INSTRUCTIONS TO FOLLOW
Leaving the pictures aside, restate all of the data exactly.

SUPPLIED DATA

#####

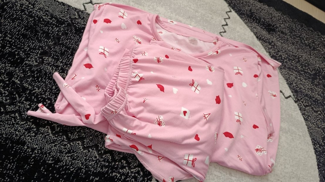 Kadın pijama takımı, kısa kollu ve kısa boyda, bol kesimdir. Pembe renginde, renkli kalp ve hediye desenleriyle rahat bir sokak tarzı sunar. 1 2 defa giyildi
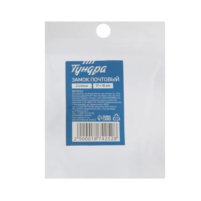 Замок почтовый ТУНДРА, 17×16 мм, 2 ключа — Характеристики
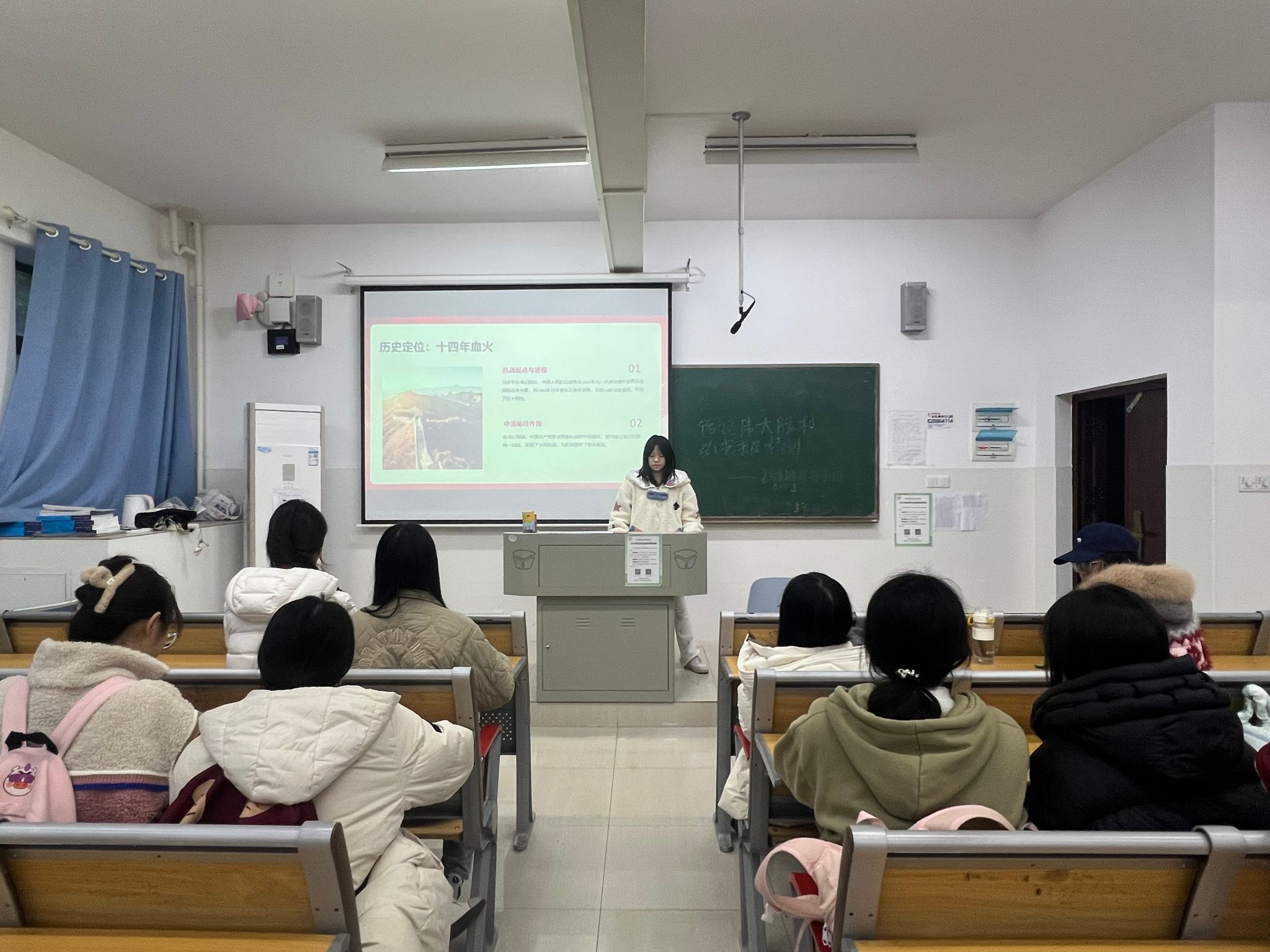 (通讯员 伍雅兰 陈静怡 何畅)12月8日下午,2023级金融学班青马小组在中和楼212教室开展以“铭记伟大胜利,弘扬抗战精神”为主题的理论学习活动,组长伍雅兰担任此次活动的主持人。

#####

RESPONSE BOX
 Kadın pijama takımı, kısa kollu ve kısa boyda, bol kesimdir. Pembe renginde, renkli kalp ve hediye desenleriyle rahat bir sokak tarzı sunar. 1 2 defa giyildi
 Замок почтовый ТУНДРА, 17×16 мм, 2 ключа — Характеристики
 (通讯员 伍雅兰 陈静怡 何畅)12月8日下午,2023级金融学班青马小组在中和楼212教室开展以“铭记伟大胜利,弘扬抗战精神”为主题的理论学习活动,组长伍雅兰担任此次活动的主持人。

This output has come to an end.